The US State Department’s spokeswoman called China a “thuggish regime” for releasing personal information on an American diplomat who met with opposition protesters in Hong Kong, escalating a war of words over protests that have wracked the territory.
“I don’t think that leaking an American diplomat’s private information — pictures, names of their children — I don’t think that that’s a formal protest, that is what a thuggish regime would do,” Morgan Ortagus said at a State Department briefing on Thursday. “That’s not how a responsible nation would behave.”
Asked if she was directly calling China a “thuggish regime,” she responded, “Yeah.”
Ortagus was referring to Julie Eadeh, a political counselor at the U.S. consulate in Hong Kong. The Hong Kong-based Ta Kung Pao newspaper, which is linked to China’s Communist Party, published a photo of Eadeh meeting with opposition leaders in Hong Kong, along with two other photographs of her. One showed her holding up an image of a child and the other showed her in a helmet and flak jacket.
Zhao Lijian, China’s deputy ambassador in Islamabad, Pakistan, linked to a series of photos and tweeted: “Embarrassing! The black hand was caught red-handed!’ He also called Eadeh “a subversion expert at the State Department.”
Earlier Thursday, the Chinese liaison office in Hong Kong said it had formally protested to the U.S. over Eadeh’s meetings.
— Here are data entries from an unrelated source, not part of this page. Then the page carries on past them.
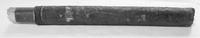 This thin telescope has three pasteboard draws and a main tube decorated in gold-tooled leather. The leather is abraded in many places, but certain details of the tooling (a small bird, fleur de lis) are visible upon close examination. It has a plano-convex objective and a plano-concave eyepiece; as in No. 1, both planar surfaces face outward. The objective of diameter 31 mm has been stopped down by a lignum vitae ring to c. 18 mm; the eyepiece of diameter 23 mm has a free opening of 12 mm. The lenses could be removed for optical measurement and proved to have focal lengths of c. 1010 mm and 78 mm, respectively, yielding a magnification of 13 times (note that it was not possible to remove the second draw, but extrapolating from the lengths of the main tube and the first and third draws, the total length of this instrument was surely long enough to accommodate the requisite separation of the two lenses, namely 932 mm = 1010 mm – 78 mm). Though the inner diameters decline from 34 mm for the main tube to 27 mm for the innermost draw, the outer diameters appear to be constant (two rings are missing), yielding the familiar cylindrical form when the instrument is drawn in.
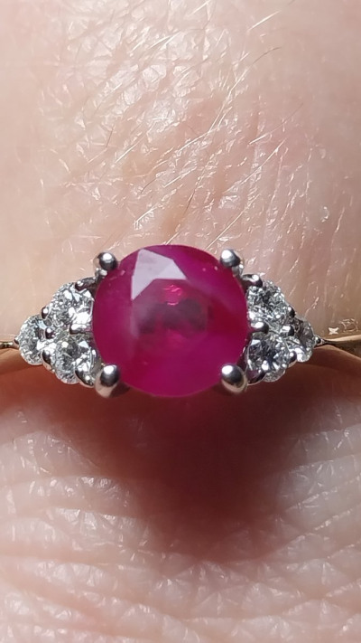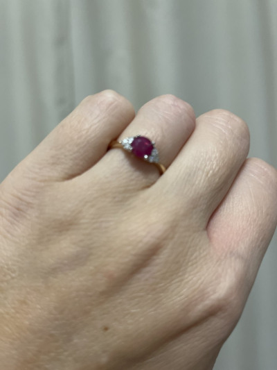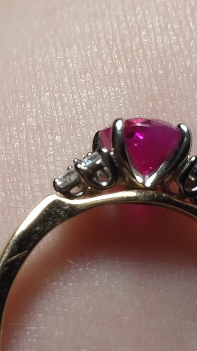 Камень выбрала почти прозрачный, чистота и цвет хорошей характеристики 2,2. Внутри перстень закрыт, что защищает камень от загрязнений. Даже сбоку камень играет гранями. Перстень взяла из-за красоты натурального рубина. Постаралась показать это на фото. Бриллианты 57 граней, немаленькой каратности, целом кольцо лёгкое, достойное.
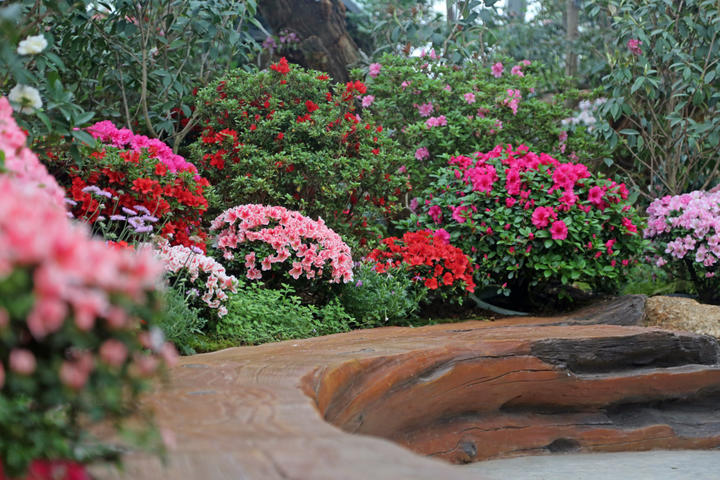 上海植物园主会场“珍奇植物花园”板块亚高山植物馆中展出的高山杜鹃。
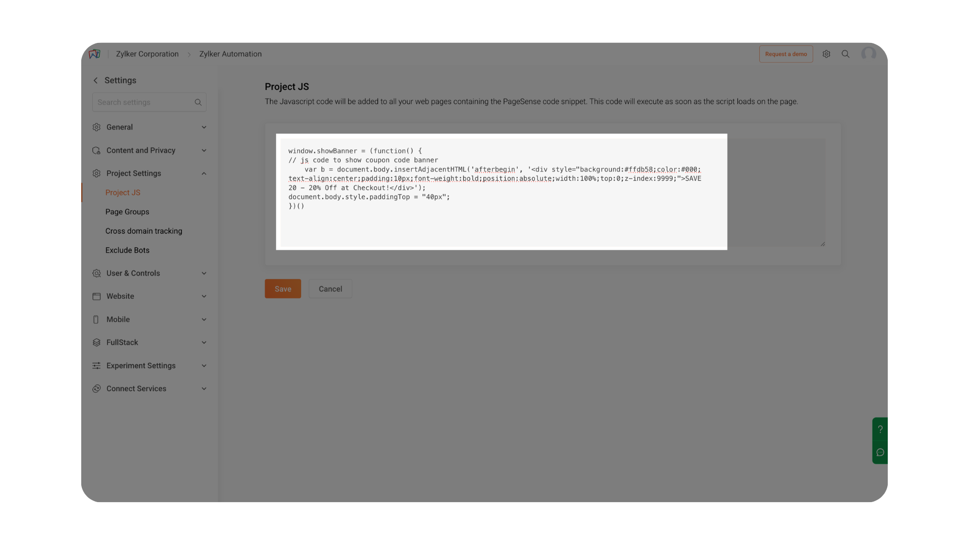 Once the required JavaScript code is added, click Save to apply the script. PageSense will then execute this code automatically on all pages where the PageSense tracking snippet is present.
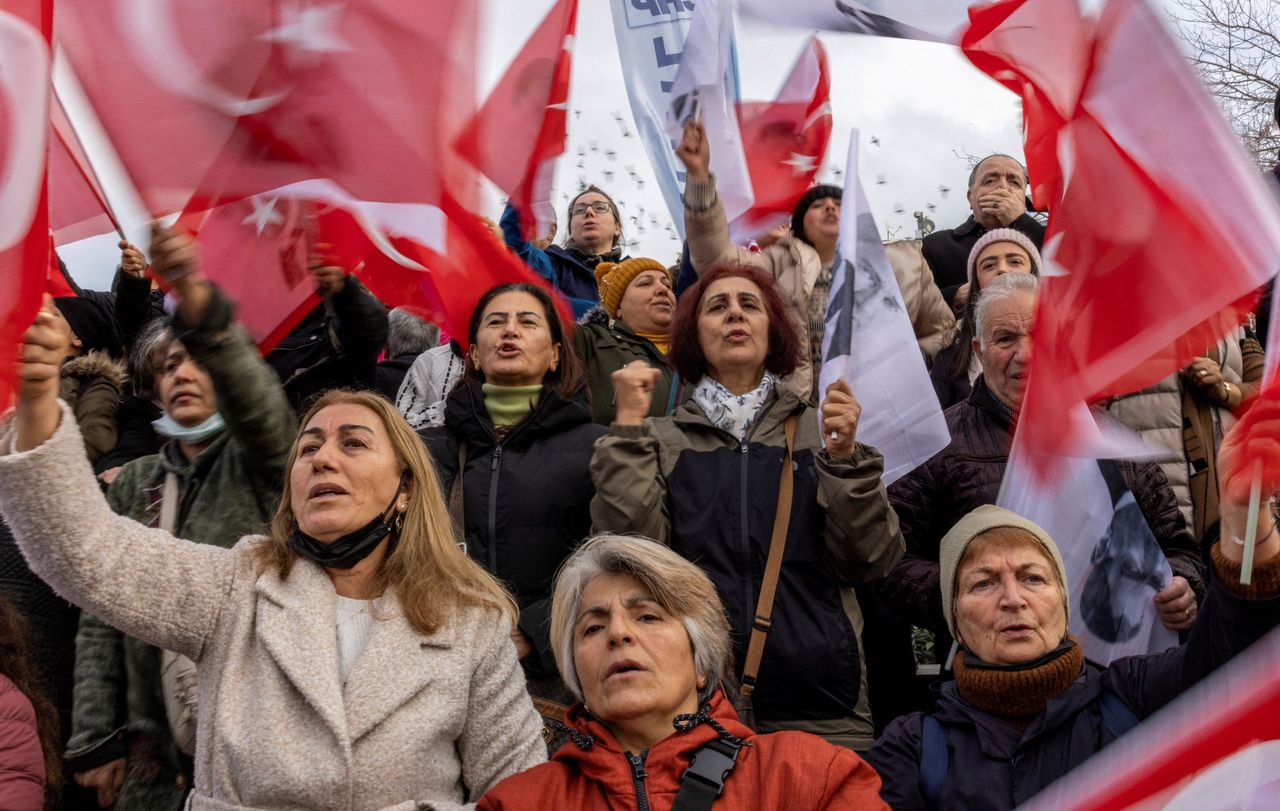 伊斯坦布爾市長埃克雷姆·伊馬姆奧盧的支持者週三在該市舉行示威。路透社/烏米特·貝克塔斯伊斯坦布爾——土耳其一家法院週三裁定伊斯坦布爾市長"侮辱公職人員"罪名成立,判處其兩年以上監禁,這對總統雷傑普·塔伊普·埃爾多安的一位受歡迎的政治對手構成打擊,埃爾多安明年將面臨一場艱難的連任競選。塔伊普·埃爾多安。
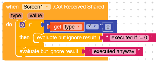 By doing if type = 0 inside the condition, you need to specify a behavior; in this case, the app was opened without receiving any shared data.
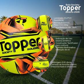 Características: - Marca: Topper - Modelo: Boleiro - Modalidade: Futebol Society - Material: PU/PVC resistente - Gomos: 6 Gomos - Peso: 410–440 g - Circunferência: 68–70 cm - Calibragem: 6-8 Libras - Tecnologia: TechFusion (sem costura) - Câmara interna: Borracha butílica (melhor retenção de ar) - Camada de Amortecimento: Emborrachada e Siliconada - Indicação de uso: Campos de grama sintética / society - Nível: Recreativo e amador
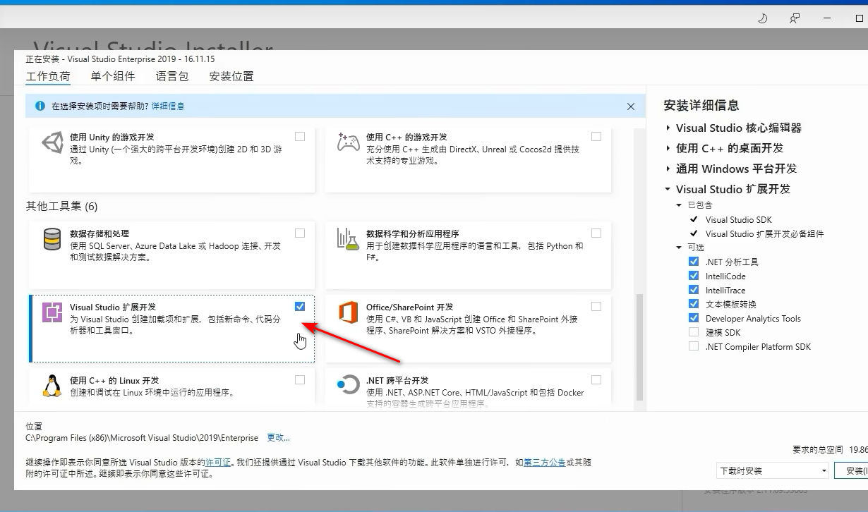 记住勾选如上配置以支持vs2019下qt开发,其他步骤省略
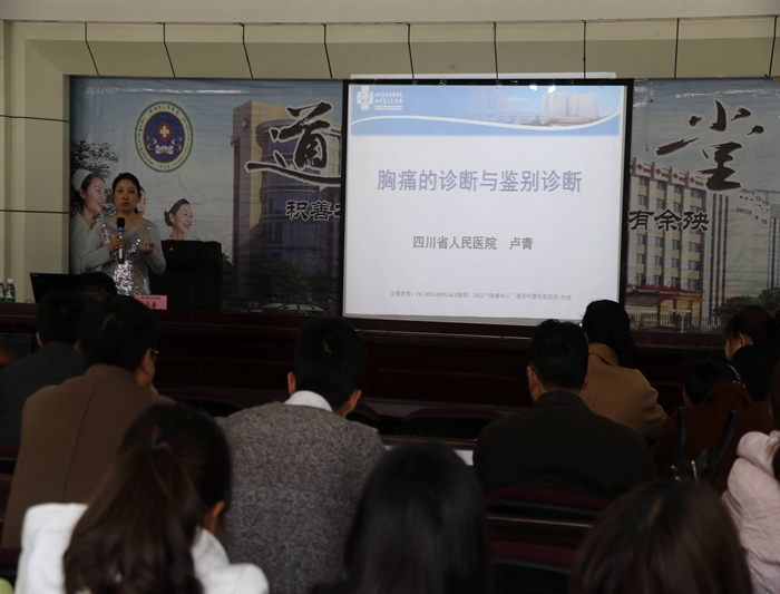 为了积极推进我院胸痛中心建设,提高胸痛诊治水平,规范诊疗行为,优化诊疗流程,使胸痛患者得到快速诊断和及时治疗,我院利用四川省人民医院对口支援“传帮带”工程专家组来院工作的契机,于2018年3月27日至3月29日在门诊八楼会议室举行了系列专题讲座。
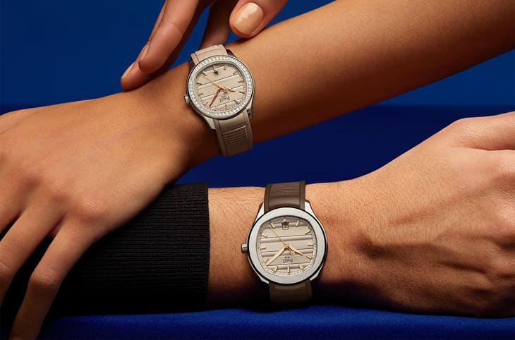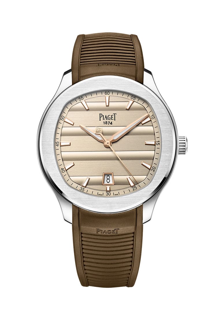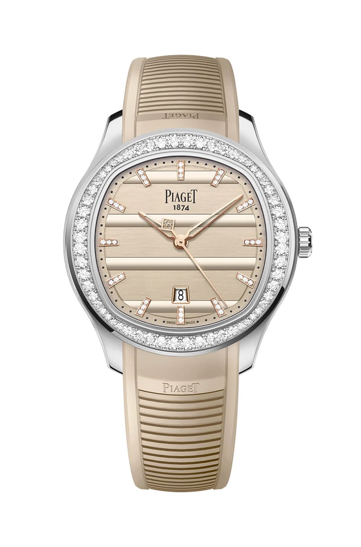 Piaget Polo 150週年紀念錶以不鏽鋼材質製成,伯爵分別推出42mm與36mm兩種款式,前者配置棕色橡膠錶帶,後者則是配置卡其色(或奶茶色)橡膠錶帶,之前36mm的Piaget Polo要嘛是搭鍊帶要嘛搭皮帶,因此150週年紀念錶換上橡膠錶帶對於這種尺寸的Piaget Polo來說還滿新奇的;此外36mm款式的錶圈額外鑲有60顆明亮形切割美鑽,因此手錶的視覺感受更為華麗,也更富有吸引女性的魅力。
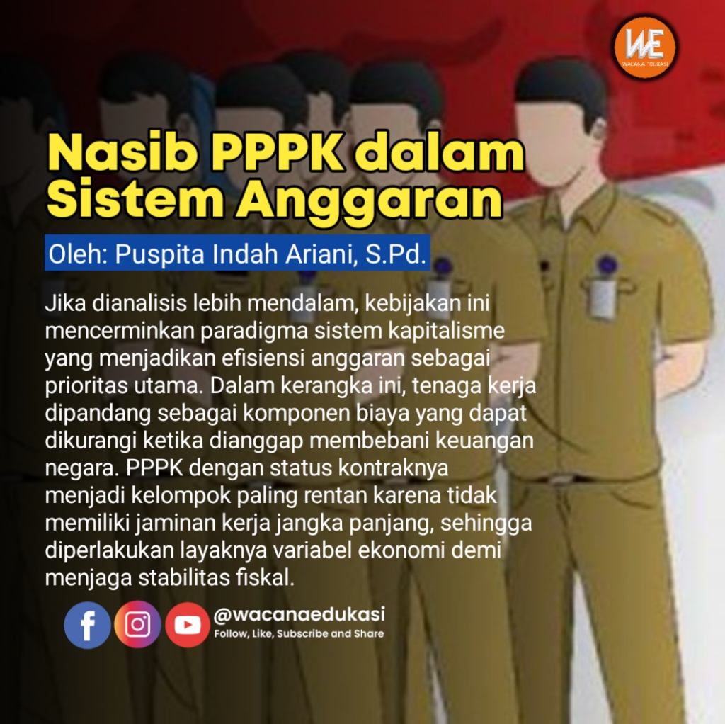 Jika dianalisis lebih mendalam, kebijakan ini mencerminkan paradigma sistem kapitalisme yang menjadikan efisiensi anggaran sebagai prioritas utama. Dalam kerangka ini, tenaga kerja dipandang sebagai komponen biaya yang dapat dikurangi ketika dianggap membebani keuangan negara. PPPK dengan status kontraknya menjadi kelompok paling rentan karena tidak memiliki jaminan kerja jangka panjang, sehingga diperlakukan layaknya variabel ekonomi demi menjaga stabilitas fiskal. Dengan demikian, persoalan ini bukan sekadar teknis anggaran, tetapi merupakan dampak dari cara pandang sistem yang menempatkan manusia sebagai objek efisiensi.
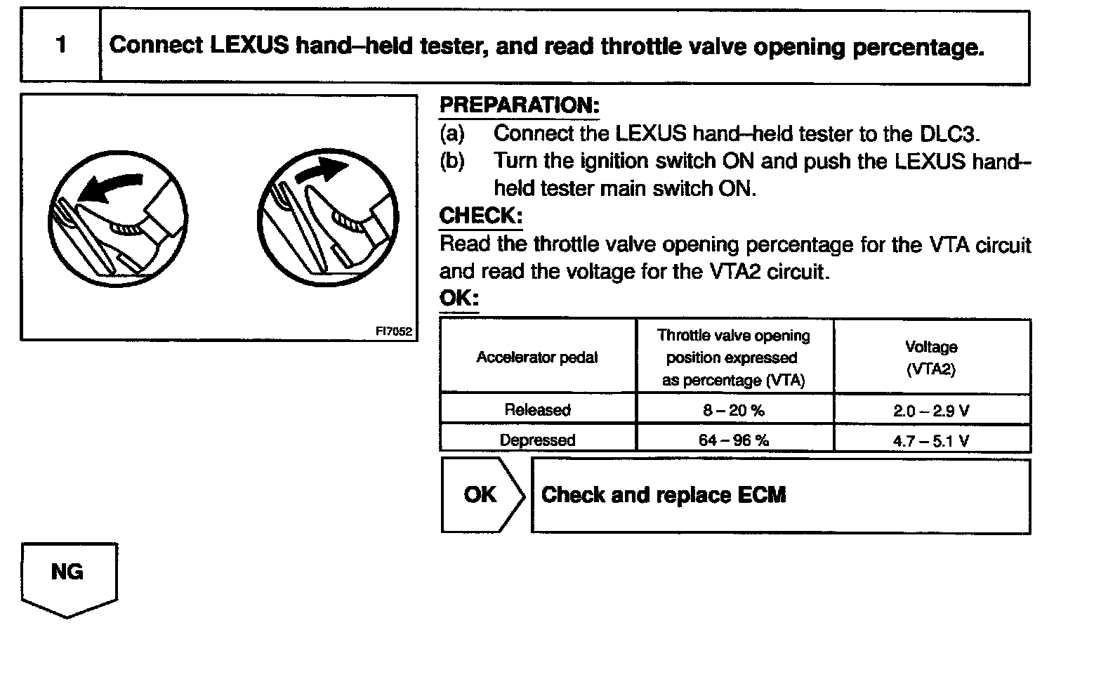 HINT: After confirming DTC P0120, use the OBD II scan tool or LEXUS hand-held tester to confirm the throttle valve opening percentage and closed throttle position switch condition.

China’s foreign ministry has previously said the ongoing unrest in Hong Kong was “the creation of the U.S.”
Ortagus’ accusation is “defamation and slander” and reflects a “bandit logic,” the Office of the Commissioner of China’s Ministry of Foreign Affairs in Hong Kong said in a statement on Friday. The comments “expose the U.S.’s hegemonic thinking,” which China strongly resents and resolutely opposes, it said.
Protests have continued in Hong Kong for nine weeks, first over a since-suspended bill that would have allowed extraditions to mainland China, and later expanding to calls for greater democracy. Ortagus called the meeting with protesters a routine part of any American diplomat’s job.
Criticism of Hong Kong’s crackdown on protests by U.S. officials has escalated, although President Donald Trump has tended to dismiss the issue in his comments.
“Something is probably happening with Hong Kong, because when you look at, you know, what’s going on, they’ve had riots for a long period of time,” Trump told reporters last week, saying the issue was “between Hong Kong and China.”